++++ INPUT DATA ++++

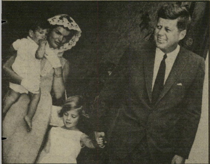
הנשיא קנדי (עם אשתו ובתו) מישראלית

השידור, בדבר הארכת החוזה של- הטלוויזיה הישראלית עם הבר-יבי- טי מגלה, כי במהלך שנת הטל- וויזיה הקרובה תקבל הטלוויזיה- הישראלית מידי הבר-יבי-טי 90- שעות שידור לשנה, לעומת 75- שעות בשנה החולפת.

++++
++++ INPUT DATA ++++

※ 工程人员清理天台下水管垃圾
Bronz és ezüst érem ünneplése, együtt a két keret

++++

• [WHAT THIS TASK INVOLVES]:
All that belongs in the answer is the run of lines above from the line containing "הנשיא קנדי (עם אשתו ובתו) מישראלית" through the line containing "השידור, בדבר הארכת", exactly as written.

• [WRITTEN REPLY]:
הנשיא קנדי (עם אשתו ובתו) מישראלית

השידור, בדבר הארכת החוזה של- הטלוויזיה הישראלית עם הבר-יבי- טי מגלה, כי במהלך שנת הטל- וויזיה הקרובה תקבל הטלוויזיה- הישראלית מידי הבר-יבי-טי 90- שעות שידור לשנה, לעומת 75- שעות בשנה החולפת.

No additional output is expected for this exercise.